#### WHAT TO WORK ON
Leaving the pictures aside, return the listing exactly as it appears.

#### AVAILABLE DATA

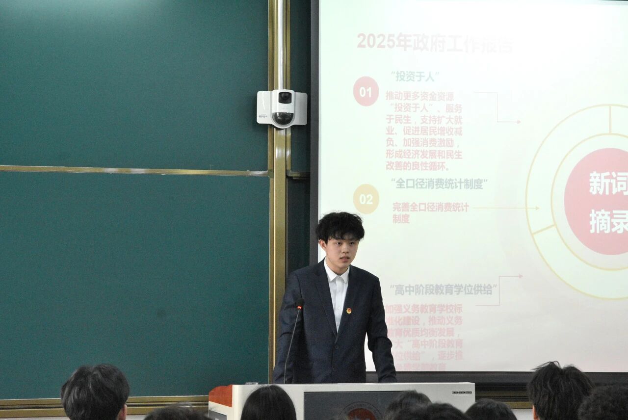在此活动中,我们从四个方面深入学习两会精神。2025年政府工作报告新词频出。投资于人"强调将资金资源向民生倾斜,促进经济与民生的良性循环;"优质本科扩容"推动高校分类改革,助力"双一流"建设;"新型离岸贸易"培育贸易新增长点;"高中阶段教育学位供给"着眼教育均衡发展;"全口径消费统计制度"完善消费数据统计;"创投基金差异化监管制度"激发创业投资活力。报告中的"加减乘除"更是亮点十足。
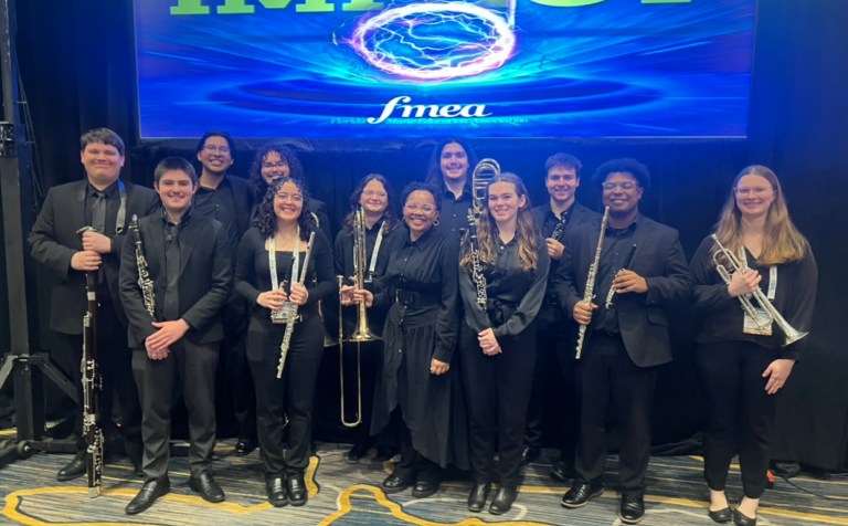 Congratulations to our students who participated in the 2026 Florida Intercollegiate Band at the Florida Music Education Association Conference. The ensemble presented an outstanding concert featuring a world premiere by award-winning composer Omar Thomas, commissioned by the Florida Bandmasters Association in collaboration with collegiate ensembles across the state of Florida.
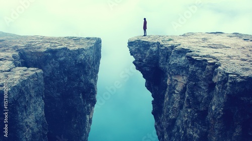 Individual overlooks serene canyon while standing on cliff edge amidst fog and rugged terrain
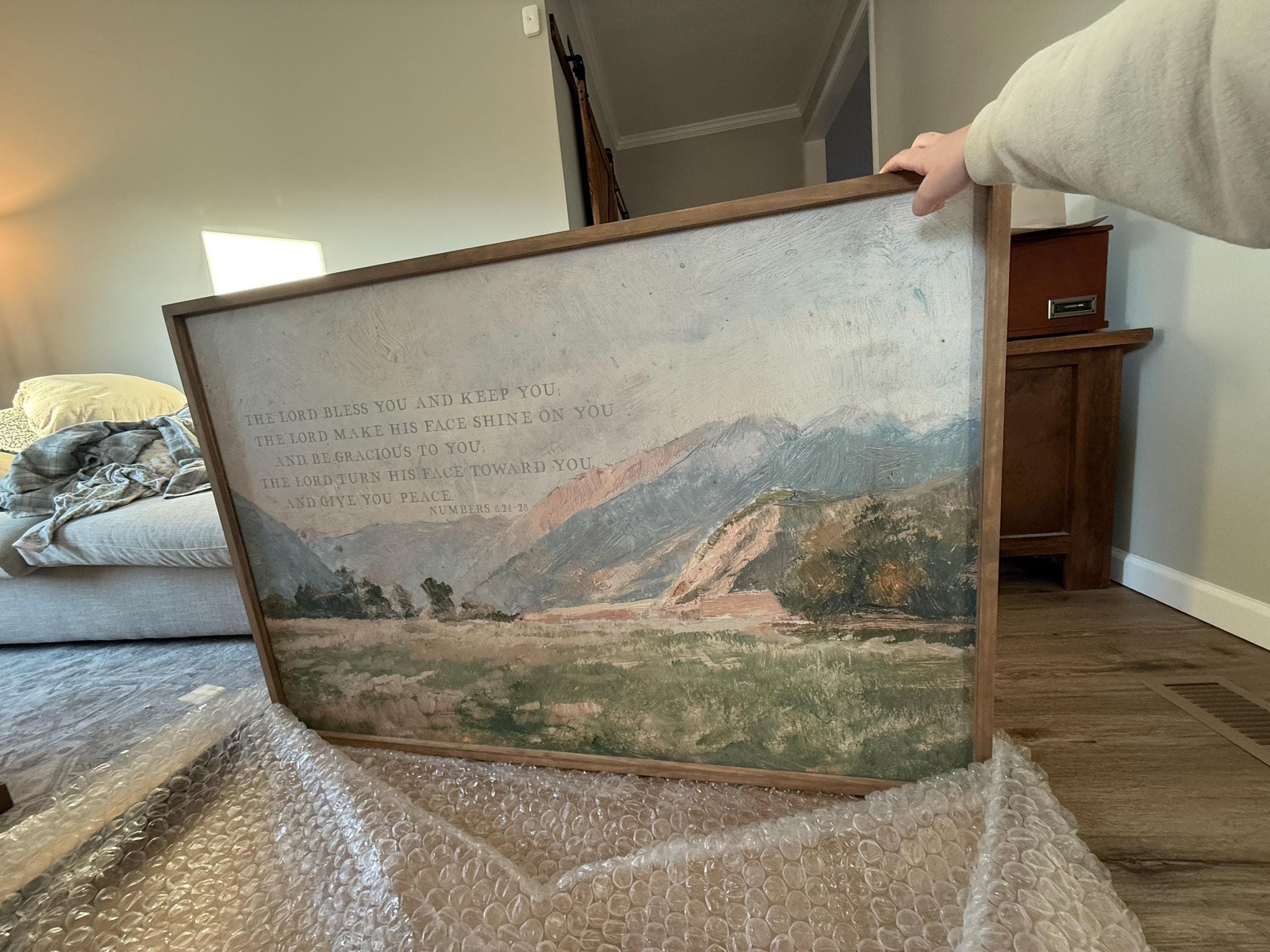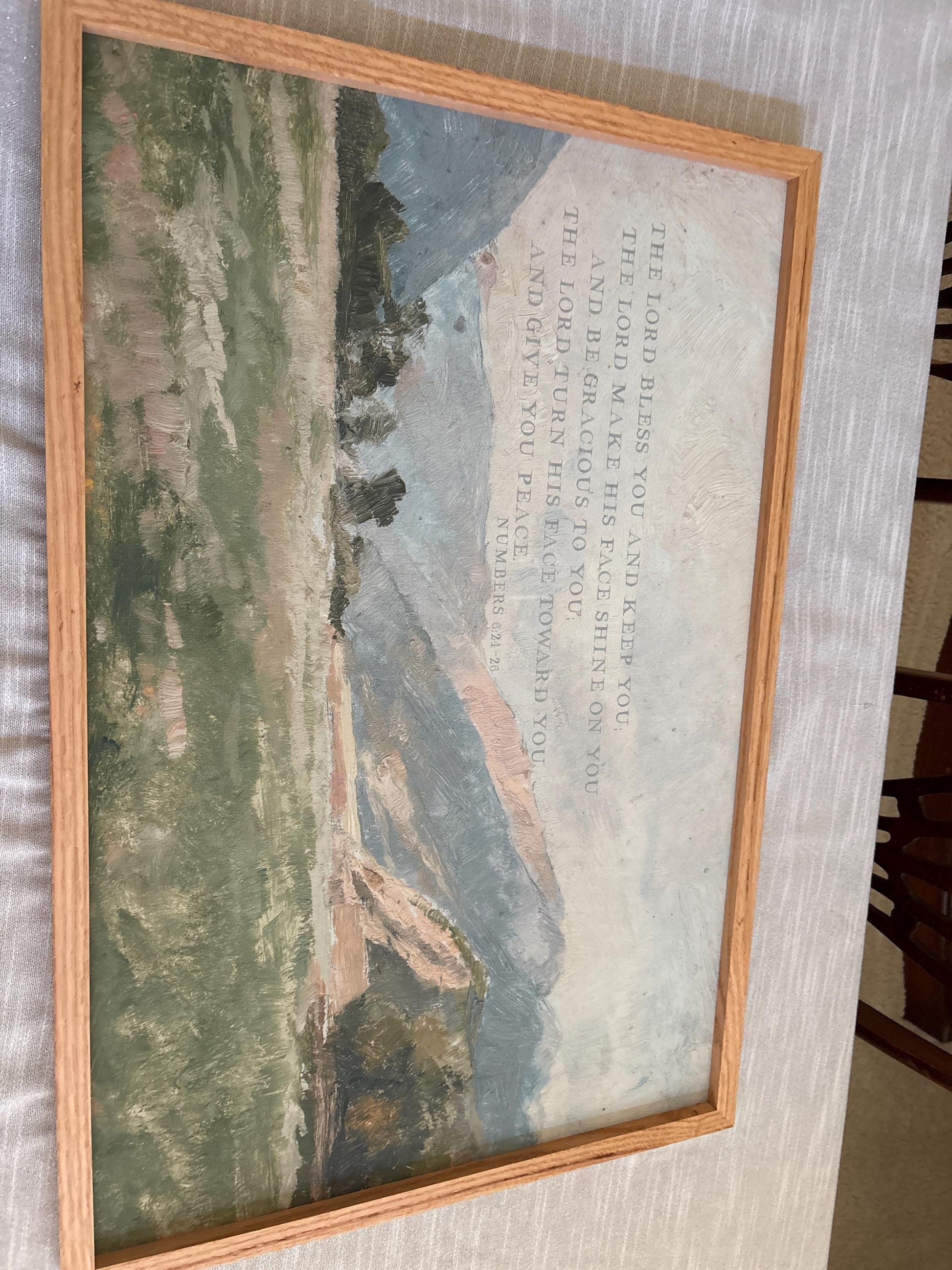Vintage Art Printed on Cotton Canvas with "The Blessing" Lyrics Added

#### COMPLETED EXERCISE
在此活动中,我们从四个方面深入学习两会精神。2025年政府工作报告新词频出。投资于人"强调将资金资源向民生倾斜,促进经济与民生的良性循环;"优质本科扩容"推动高校分类改革,助力"双一流"建设;"新型离岸贸易"培育贸易新增长点;"高中阶段教育学位供给"着眼教育均衡发展;"全口径消费统计制度"完善消费数据统计;"创投基金差异化监管制度"激发创业投资活力。报告中的"加减乘除"更是亮点十足。
 Congratulations to our students who participated in the 2026 Florida Intercollegiate Band at the Florida Music Education Association Conference. The ensemble presented an outstanding concert featuring a world premiere by award-winning composer Omar Thomas, commissioned by the Florida Bandmasters Association in collaboration with collegiate ensembles across the state of Florida.
 Individual overlooks serene canyon while standing on cliff edge amidst fog and rugged terrain
Vintage Art Printed on Cotton Canvas with "The Blessing" Lyrics Added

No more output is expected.